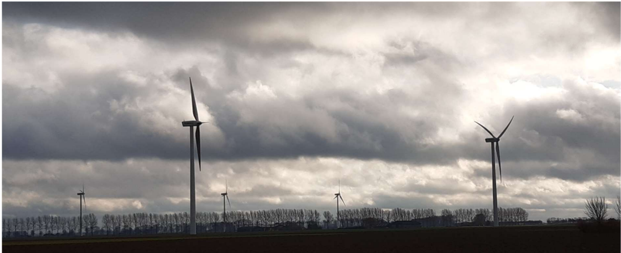
De windturbines bij Hoofdplaat

Duidelijk is dat ons ambitieniveau en solidariteitsprincipes, een grote impact hebben op wat er nodig is aan zonneweides en dergelijke. Hoe groen willen we zijn?
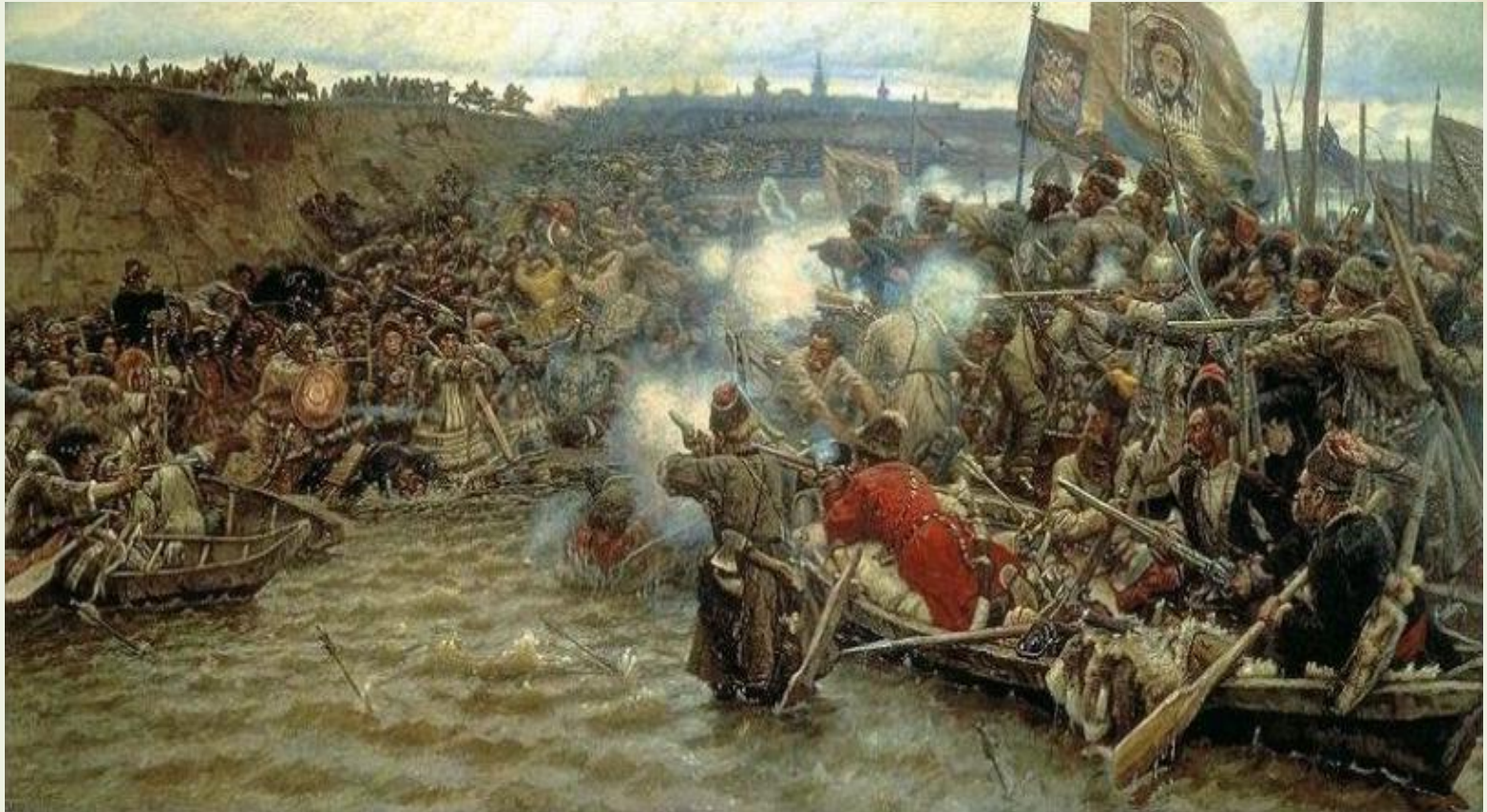
В.А.Суриков. Покорение Сибири Ермаком
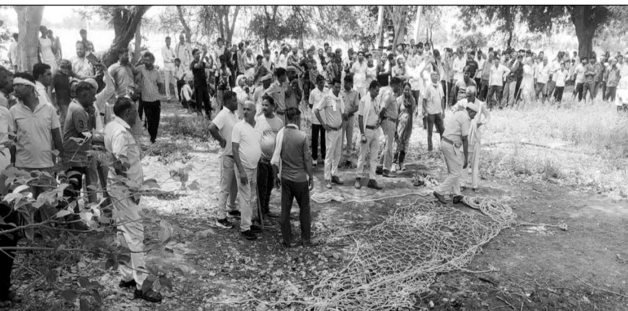
धौलागढ़ थाना पुलिस, वन विभाग के एसीएफ, रेंजर और सरिस्का टाइगर रिजर्व की विशेष रेस्क्यू टीम मौके पर पहुंची और पैथर को पकड़ने के प्रयास शुरू किये।

किसानों पर हमला करने के बाद पैथर भागकर पास ही मौजूद एक ऊंचे पेड़ पर चढ़ गया। वह पिछले कई घंटों से उसी पेड़ पर डेरा जमाए बैठा है। जैसे ही गांव में खबर फैली, पूरे इलाके में बैठसनी फैल गई। देखते ही देखते आसपास के कई गांवों से सैकड़ों ग्रामीण मौके पर जमा हो गए। लोगों के मन में पैथर को लेकर जहां एक तरफ भारी
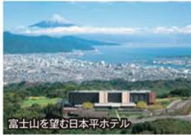
富士山を望む日本平ホテル

旅行期間 2019年7月13日(土)~15日(月・祝) 旅行代金 お一人様 158,000円 (2名様1室) 募集人数 16名(最少催行人数10名) 添乗員 同行いたします 交通機関 JR新幹線【グリーン席・禁煙車】 現地貸切バス(運行バス会社:伊豆バス他同等クラス) 宿泊施設 日本平/日本平ホテル(洋室) 河口湖温泉/ラピスタ富士河口湖(洋室)
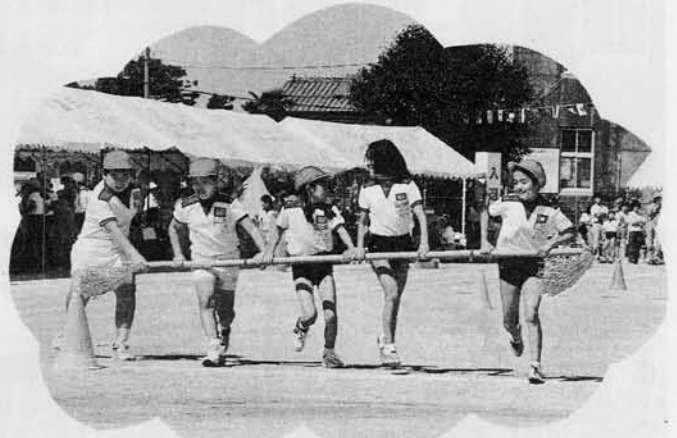
チームワークで1番!
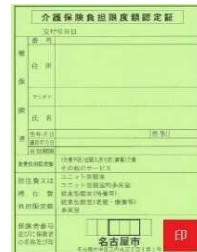
介護保険負担限度額認定証
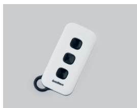
Trasmettitore Smart, FM rolling code a 3 e 5 canali.

Viene fornito già installato nella porta. Disponibile in due soluzioni: - Contatto N.C. opzionale solo con porta basculante motorizzata. - Contatto N.C. opzionale per porta pedonale (con porta basculante manuale o motorizzata).
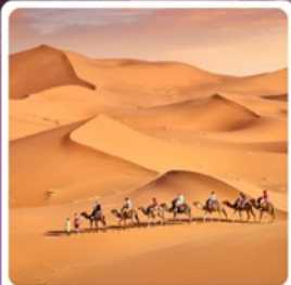
ทะเลทรายเสียนชวาน
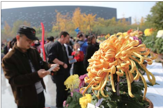
各类菊花盛放待客。
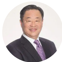
全国政协常委、中国中化董事长 宁高宁 推动绿色转型 践行低碳发展

全国人大代表、中国华电集团有限公司董事长温枢刚表示，面对新机遇新挑战，能源央企应继续走绿色低碳发展道路，推动高质量发展。要聚力促转型，紧紧围绕助力“双碳”目标，在绿色转型发展上迈出新步伐。聚力保供应，着力增强可持续的保供能力，提供安全稳定能源供给，以优异成绩为稳定宏观经济大盘、保持经济运行在合理区间、维护社会大局稳定作出更大贡献。
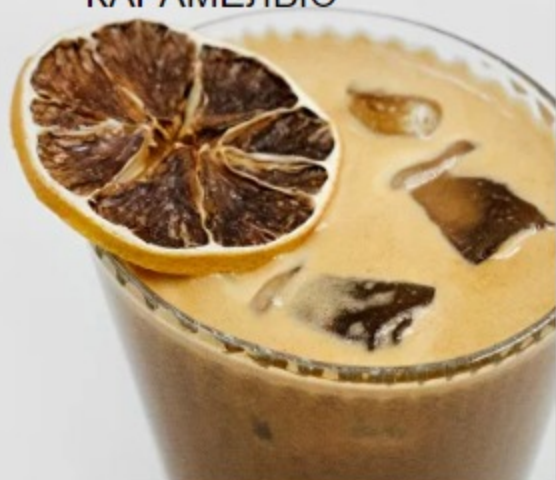
(5) БАМБЛ С СОЛЕНОЙ КАРАМЕЛЬЮ
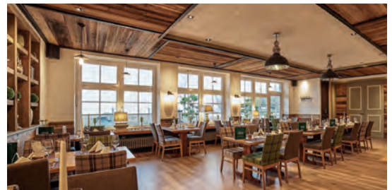
Hotel Restaurant Landhaus Großes Meer DE Südbrookmerland, Niedersachsen
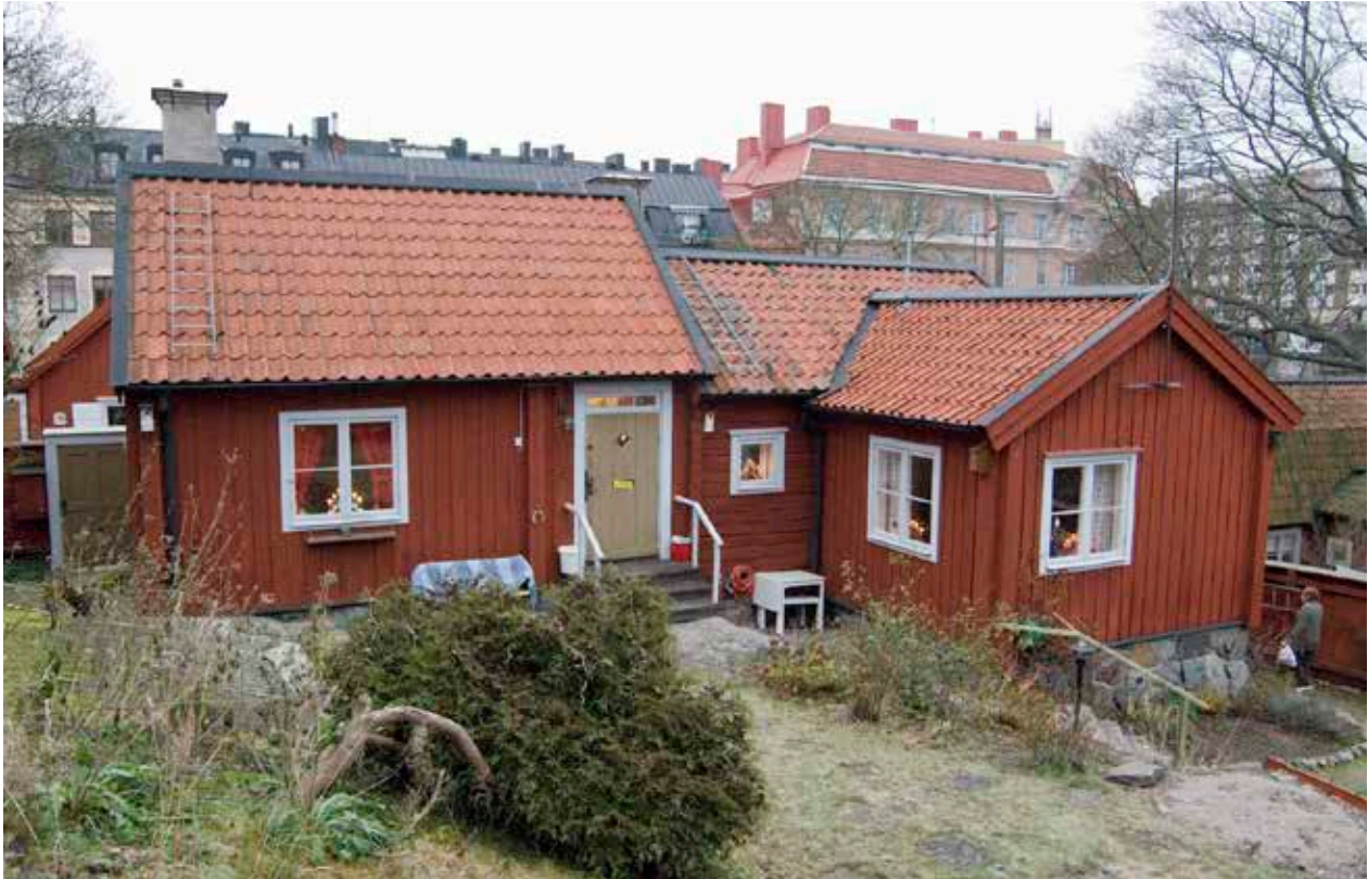
LOTSEN 20 FRÅN GÅRDEN. MITTPARTIET HAR EN OKLÄDD TIMMERSTOMME.

bevarande av några äldre stockholmsmiljöer. Samfundet Sankt Erik föreslog 1915, tillsammans med den då ledande stadsplanarkitekten Per Olof Hallman, att några ”gammelkvarter” i stadens ägo borde bevaras som så kallade asylområden; intakta historiska miljöer som kunde ge en mycket bättre bild av äldre tiders levnadsvillkor än några bevarade träkåkar här och var. Till dessa asyler kunde även andra timmerhus flyttas. En av de föreslagna miljöerna var den ålderdomliga och relativt enhetliga bebyggelsen på Åsöberget. Under 1940-talet intensifierades diskussionerna i kulturresevatsfrågan och Stadsmuseet hävdade att Åsöberget, näst efter Vita Bergen, var det område där det var mest angeläget att inrätta ett reservat. Åsöberget blev först ut att rustas upp efter det formella beslutet i stadsfullmäktige att inrätta kulturresevat 1956.
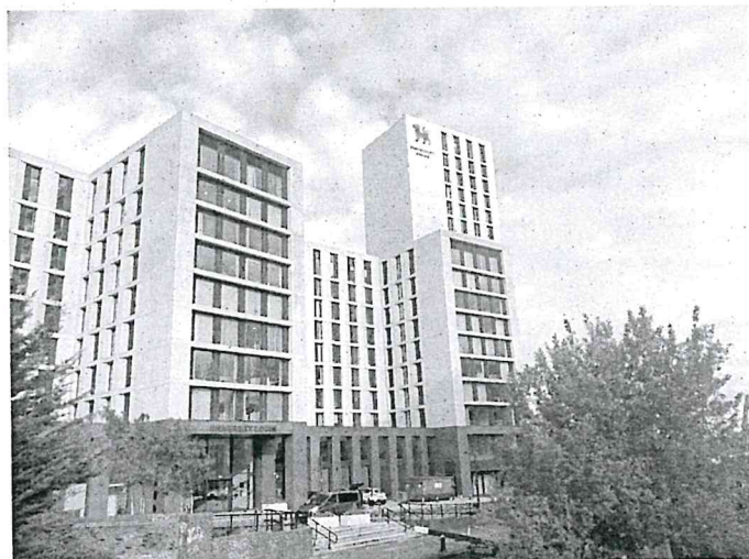
左圖為學校 2016 年剛蓋好的宿舍，也是我住宿的地方，走路只需要三分鐘就能抵達我上課的大樓。

在英國使用信用卡比使用貨幣還要方便，如果將信用卡綁定在手機裡，出門也不用帶錢包了，而且有些公共廁所甚至提供刷卡服務，真的是讓人大吃一驚！除此之外，英國本地人其實很少用到 50 英鎊大鈔，如果可以的話在台灣換錢時盡量換成 20 英鎊紙鈔會比較方便。（有些自動結帳櫃台連 20 英鎊紙鈔都不收，這時候就要找一般有人的櫃台了）不過這項便利的科技在蘇格蘭地區可能就沒那麼方便了，蘇格蘭有些地方還是會以紙鈔為主。
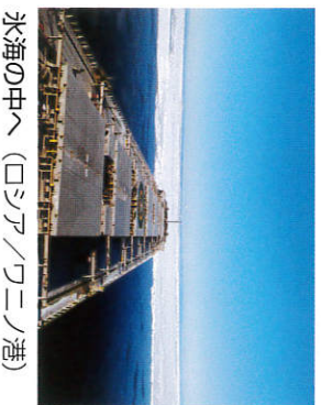
氷海の中へ（ロシア/クニノ港）
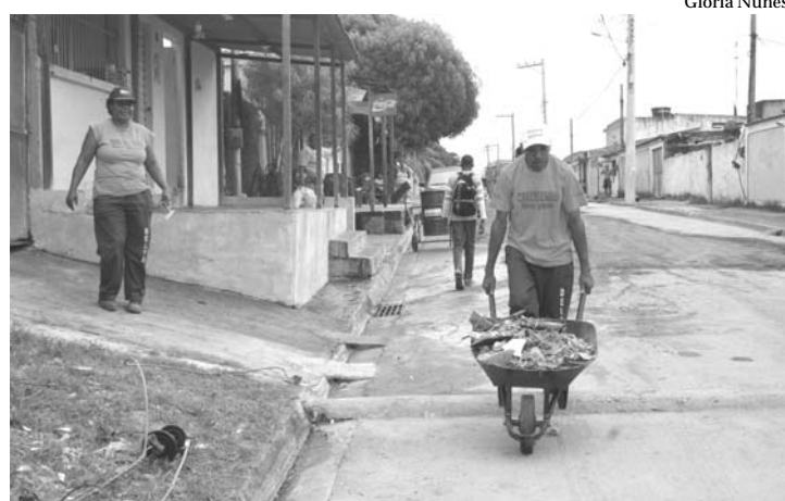
A Prefeitura esteve no Bairro Lagoinha na última quarta-feira, dia 4, para a realização de ações de manutenção, limpeza e infraestrutura

A Prefeitura de Nova Iguaçu está trabalhando para atender todos os bairros do município. Na última quarta-feira, dia 4, funcionários da Codeni (Companhia de Desenvolvimento de Nova Iguaçu), Semcid (Secretaria Municipal de Cidade) e Emlurb (Empresa Municipal de Limpeza Urbana) estiveram no Bairro Lagoinha, realizando ações de manutenção, limpeza e infraestrutura. Na Estrada da Lagoinha e na Rua Dois, uma equipe de 30 operários recuperou a rede de esgoto, reformou calçadas e restaurou parte das vias, com cerca de 40 toneladas de asfalto. Para o trabalho foram utilizados oito ceifadeiras, seis caminhões, uma retroescavadeira e uma miniescavadeira. A Prefeitura também acompanhou o trabalho da Light, que esteve no local para trocar um poste que ameaçava tombar.
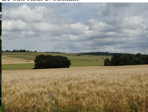
Les plaines et collines cultivées
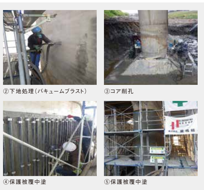
②下地処理(バキュームブラスト)
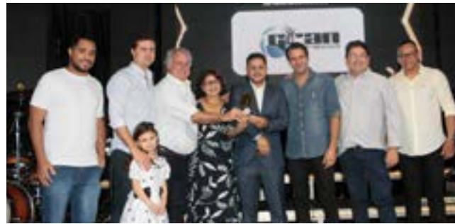
Escritório Contábil: Gran Contabilidade
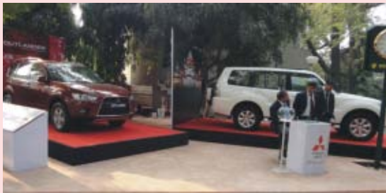
Vehicles at display at Delhi Golf Club

HM-Mitsubishi participated in a host of glitzy and star-studded events in a bid to promote its high-end sports utility vehicles (SUVs) and sports sedans. The initiatives were undertaken as part of a brand-building strategy to position Mitsubishi vehicles as a premium, chic and classy brand, among the high profile audience.
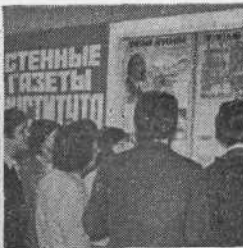
На снимках: на вечере «А ну-ка, девушки!» идет конкурс по приготовлению блюд; на консультации по курсовому проектированию; повесили новую газету!

● ● ● ● ●

> DIRECTIONS
The lines needed are those from the one containing "Escritório Contábil: Gran Contabilidade" through the end of the listing, given again word for word and without any picture.

> RESPONSE AREA
Escritório Contábil: Gran Contabilidade
Vehicles at display at Delhi Golf Club

HM-Mitsubishi participated in a host of glitzy and star-studded events in a bid to promote its high-end sports utility vehicles (SUVs) and sports sedans. The initiatives were undertaken as part of a brand-building strategy to position Mitsubishi vehicles as a premium, chic and classy brand, among the high profile audience.
На снимках: на вечере «А ну-ка, девушки!» идет конкурс по приготовлению блюд; на консультации по курсовому проектированию; повесили новую газету!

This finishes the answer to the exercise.